A delegation from industry chamber Confederation of Indian Industries (CII) under the leadership of its President, Vikram Kirloskar, met Revenue Secretary Ajay Bhushan Pandey and submitted its pre-Budget memorandum. Earlier, another industry chamber, FICCI presented its pre-Budget memorandum.

The CII said the Budget should announce the direction of the taxation policy. The government must ensure consistency, certainty and continuity of taxation policies for the next five years. India currently has one of the highest corporate tax burden among comparable economies. In addition to corporate tax and dividend distribution tax, MAT (Minimum Alternative Tax) is also levied.

A lower tax rate is the need of the hour for growth and investment, the CII said.

The chamber emphasised that GST data could be leveraged to further widen the direct tax base, using big data.

Several suggestions were made on direct tax structure. It said the dividend distribution tax should be rationalised to 10 per cent and should be taxed at the hands of the recipient. Long Term Capital Gains tax on equities and MAT should be removed, it said.

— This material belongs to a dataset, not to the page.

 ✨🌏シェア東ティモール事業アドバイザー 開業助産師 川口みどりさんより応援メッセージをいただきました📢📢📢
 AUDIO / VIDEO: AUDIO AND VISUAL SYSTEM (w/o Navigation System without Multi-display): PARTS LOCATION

FICCI advocated lowering of the corporate tax rate for all companies to 25 per cent, as had been proposed earlier. This will enable industry to remain globally competitive, especially in the wake of significant cut in corporate tax rates by countries like the US and France. It also recommended that the direct income tax slabs for individuals be revised upwards. The highest tax rate of 30 per cent should be applicable only for income above ₹20 lakh. The investment limits under Sec 80C, Sec 80D and deduction for interest paid on housing loan under Sec 24, etc must be enhanced. These measures would put more disposable income with households and boost overall consumption.

Employment

The CII President said employment creation needs a strategic boost, including from the lens of revenue generation. The key sectors to be propelled for more job generation include the tourism ecosystem, the textiles to garments value chain, and farm-to-fork supply in the agriculture and food processing sector. “End-to-end supply chains in the auto industry, construction sector and retail sector also require strong policy attention,” he said, calling for a mission mode approach to generate jobs in these sectors.

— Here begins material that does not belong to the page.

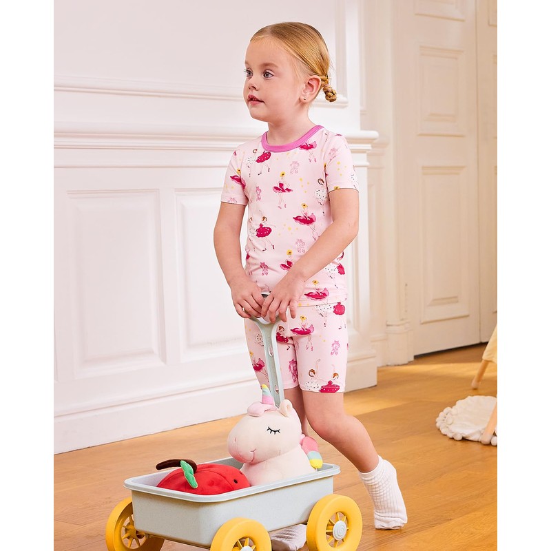 babee Reshinee Bamboo Viscose Toddler Girls Kids Pajama Sets Short Summer Cool Snug fit Sleepwear Pjs 2pcs Set 8Y

According to FICCI, creating employment should be an intrinsic factor while preparing the Budget. Greater public investments across sectors like infrastructure will create significant employment opportunities. The chamber called for greater budget allocation in these areas. “Additional fiscal incentives should be provided to sectors with potential of creating large employment opportunities such as textiles, leather, food processing, gems &jewellery, footwear, tourism, real estate, etc,” it said.

Financial sector

For revitalising the financial sector, the CII recommended allocation of sufficient resources for bank recapitalisation as this will improve banks’ capacity to lend and meet credit demand. The government stake in public sector banks should be reduced from 70 per cent to 51 per cent to enable capital infusion and promote efficiency in public sector banks.